# TetraTec Ex600 flow rate issue?



## Radik (5 Jan 2011)

Hi All

I just bought new Ex600 and measured flow without any filter media. To my surprise I got only half of the claimed max flow rate. 1 liter filled in 12seconds = 300L/h. Test was done in recommended min/max distance from tank. 

Any idea if I have faulty unit and should seek replacement or is this normal? Or they gave me head from Ex400 in Ex600 box although Sticker on head saying Ex600 but that can be changed...

Thanks for help


----------



## Tom (5 Jan 2011)

The flow rate is calculated without anything attached to or in the filter. The pump output may be 600lph or close to, but when you add any restrictions such as a canister, hoses or media (I know you ran it empty) it will change.

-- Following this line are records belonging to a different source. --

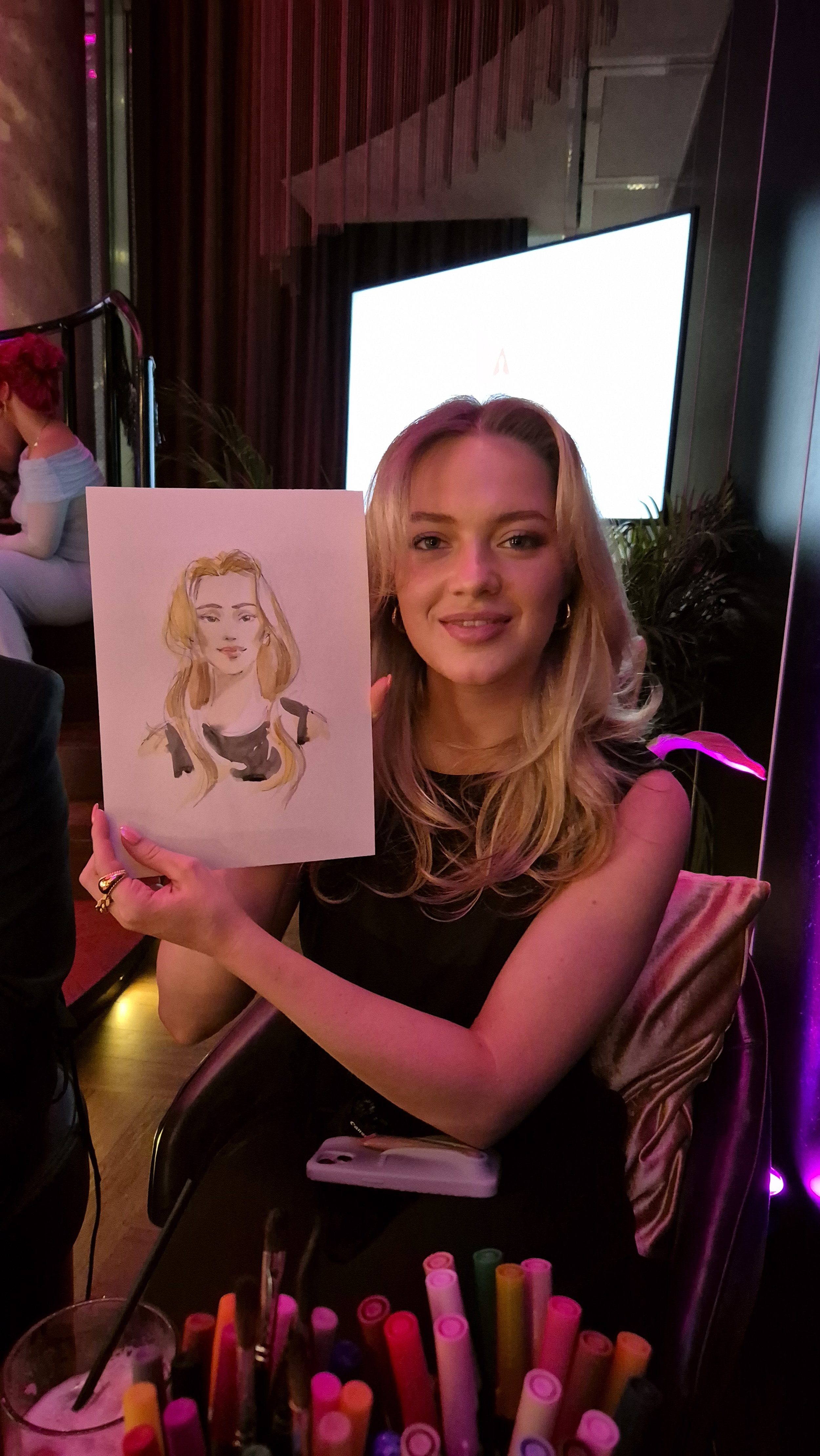 A lively presence. More than just a portrait artist, I’m also a people person. I love connecting with guests, sharing a laugh, and making the experience interactive and memorable.
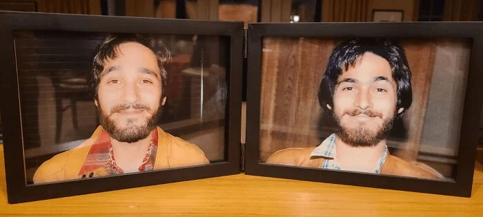 4. «Мне всегда говорили, что я похож на своего отца. Поэтому, когда я нашел его фотографию в 28-летнем возрасте, то не мог не повторить ее, когда мне исполнилось столько же»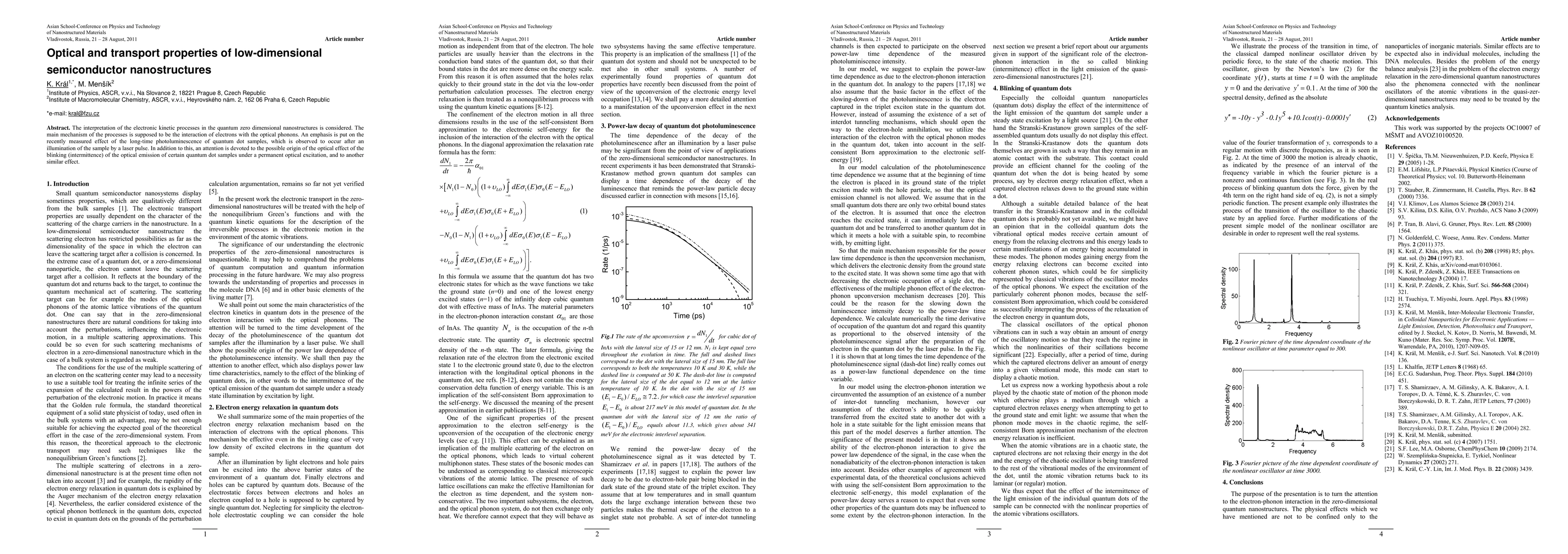The interpretation of the electronic kinetic processes in the quantum zero dimensional nanostructures is considered. The main mechanism of the processes is supposed to be the interaction of electrons with the optical phonons. An emphasis is put on the recently measured effect of the long-time photoluminescence of quantum dot samples, which is observed to occur after an illumination of the sample by a laser pulse. In addition to this, an attention is devoted to the possible origin of the optical effect of the blinking (intermittence) of the optical emission of certain quantum dot samples under a permanent optical excitation, and to another similar effect.

The height of the pipes is also a very influential factor.


----------



## Radik (5 Jan 2011)

Thanks Tom so real flow rate of every filter on the market could be just half of claimed. I guess it has to be enough for 65L tank.


----------



## Tom (6 Jan 2011)

Yeah I doubt there's a filter out there that will do exactly what is claimed on the box, although that seems like quite a drop down to 300. Makes me want to test my EX1200 now!


----------



## Radik (6 Jan 2011)

Please do I am curious to know


----------



## Tom (6 Jan 2011)

My EX1200 tried and tested, with media (not cleaned for a while, It's overdue!) and pipes at tank level - 720LPH

Tom


----------



## Radik (6 Jan 2011)

Thanks yours looks better, I'll try with media maybe it has some impact on flow rate


----------



## Radik (6 Jan 2011)

So tested again I just used baskets, foams and bioballs inside no other media and flow rate was 360L/h.
I also tested my other filter which is suppose to be replaced by Tetratec, Aquael Minikani 80 rated at 300L/h and he is giving 225L/h fully packed with media + polishing pad. So not that bad filter at all but now I feel cheated and wants to  return TetraTec to Zooplus.


----------



## ceg4048 (6 Jan 2011)

Good luck finding a filter that delivers it's claimed rating. On average you get 50%. The bigger the filter and the more media, the lower the flow. Vertical distance from the water also causes gravitational/backpressure losses, and tubing length causes frictional losses. That's why we have the 10X rule.

Cheers,


----------